With a basic framework of _data types_, _marks_, and _encoding channels_, we can concisely create a wide variety of visualizations. In the previous notebook you were exposed to attribute data types. A visualization represents data using a collection of _graphical marks_ (bars, lines, points, etc.). The attributes of a mark &mdash; such as its position, shape, size, or color &mdash; serve as _channels_ through which we can encode underlying data values. In other words, channels are a way to change the appearance of marks based on the data's attributes. In this notebook, we will use the `mark_point` graphical mark and different channels to create visual encodings.

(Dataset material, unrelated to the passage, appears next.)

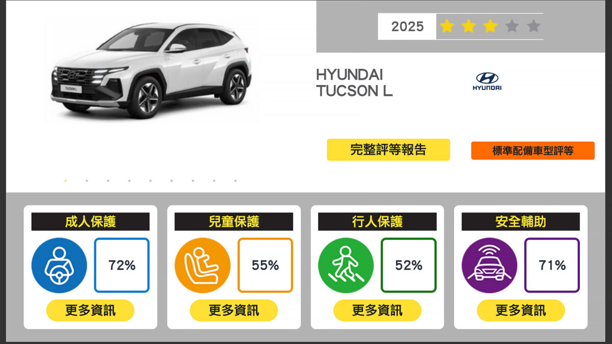 不僅如此,Tucson L於成人保護項目表現亦未能達到五星標準。由於這次受驗車型為GLT-A客貨車版本,最主要影響成人保護項目成績原因在於後座乘客保護。其中後座乘客人偶於執行前方偏置撞擊測試時,胸部遭到嚴重傷害超過規定限制值,因此保護性能被評為不良。同時,後座頭枕因為有效高度不足,容易在遭到後方車輛追撞時讓乘客產生鞭甩效應,因此無法取得分數,保護性能也被評為不良。這樣的結果,讓Tucson L於成人保護項目僅得到72%成績,未達五星所需的80%標準。另外,行人保護也因為屬於車頭正面較為高大的SUV車型,於行人骨盆與大腿保護性能被評為差或不良,導致行人頭部、骨盆與腿部整體保護性能分數並不理想,因此,即便緊急煞車輔助系統在大多數試驗情境都能避免碰撞或者減輕傷害,仍無法在緊急煞車輔助之弱勢道路使用者系統項目取得分數,也僅能獲得四顆星成績。由於Tucson L於兒童保護項目僅取得三星評等,依照TNCAP的星級評等標準,僅能拿到三星安全評價。

When discussing data items, the word __attribute__ is used to signify the data that describes the item. In the context of visualizations, we will use the words __field__ and __attribute__ interchangablely.
At the heart of Altair is the use of *encodings* that bind data fields (with a given data type) to available encoding *channels* of a chosen *mark* type. In this notebook we'll examine the following encoding channels:

- `x`: Horizontal (x-axis) position of the mark.
- `y`: Vertical (y-axis) position of the mark.
- `size`: Size of the mark. May correspond to area or length, depending on the mark type.
- `color`: Mark color, specified as a [legal CSS color](https://developer.mozilla.org/en-US/docs/Web/CSS/color_value).
- `opacity`: Mark opacity, ranging from 0 (fully transparent) to 1 (fully opaque).
- `shape`: Plotting symbol shape for `point` marks.
- `tooltip`: Tooltip text to display upon mouse hover over the mark.
- `order`: Mark ordering, determines line/area point order and drawing order.

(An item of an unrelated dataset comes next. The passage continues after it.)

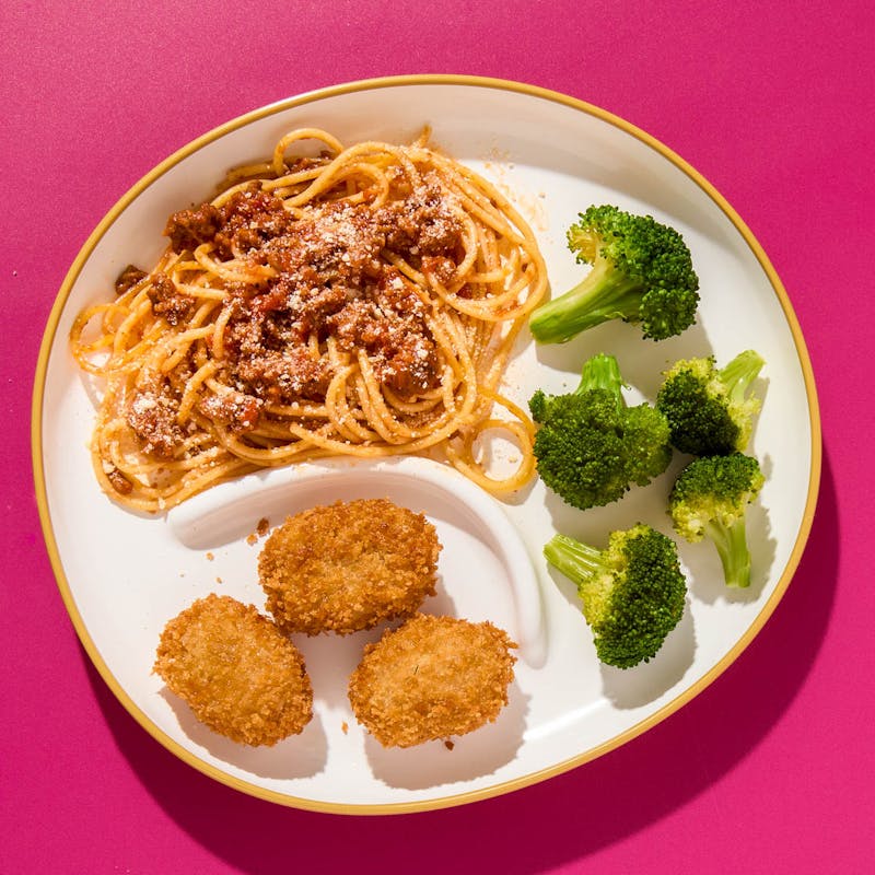 This playful combo gets a smart little upgrade. Spaghetti bolognese is served with chicken nuggets—baked, not fried, and blended with pumpkin and herbs for extra goodness. On the side: tender broccoli florets to round out this kid-friendly plate.

For a complete list of available channels, see the [Altair encoding documentation](https://altair-viz.github.io/user_guide/encoding.html).




## Learning Goals
Those who actively work through this notebook will be able to:
- Identify encoding channels and describe how they are utilized in Altair
- Create scatter plots and bubble plots.
- Demonstrate how tooltips can be added to visualizations.

## Global Development Data

We will be visualizing the global health and population data that you were introduced to in the preceding notebook.

In [1]:
import pandas as pd
import altair as alt

In [2]:
from vega_datasets import data as vega_data
data = vega_data.gapminder()

For each `country` and `year` (in 5-year intervals), we have measures of fertility in terms of the number of children per woman (`fertility`), life expectancy in years (`life_expect`), and total population (`pop`).
From the preceding notebook, we know that they are 693 items and 6 attributes.
We also know the data types for the attributes
 - Quantitative:  `pop`, `life_expect`, and `fertility`
 - Nominal: `country`
 - Ordinal: `year`

Using pandas we can create a summary of each attribute. For the quantitative attributes, we will include the minimum and maximum values. For the others we will just get sense of the unique values that exist.

In [3]:
data.agg(
    {
        "year":['unique'],
        "country":['unique'],
        "cluster":['unique'],
        "pop": ['min', 'max'],
        "life_expect": ['min', 'max'],
        "fertility": ['min', 'max'],

    }
)

Unnamed: 0,year,country,cluster,pop,life_expect,fertility
unique,"[1955, 1960, 1965, 1970, 1975, 1980, 1985, 199...","[Afghanistan, Argentina, Aruba, Australia, Aus...","[0, 3, 4, 1, 5, 2]",,,
min,,,,53865.0,23.599,0.94
max,,,,1303182000.0,82.603,8.5


Mousing over the cell values for the unique row for `year` and `country` will allow you to see all the unique values for that attribute.
Note that `NaN` is shown for summaries not included.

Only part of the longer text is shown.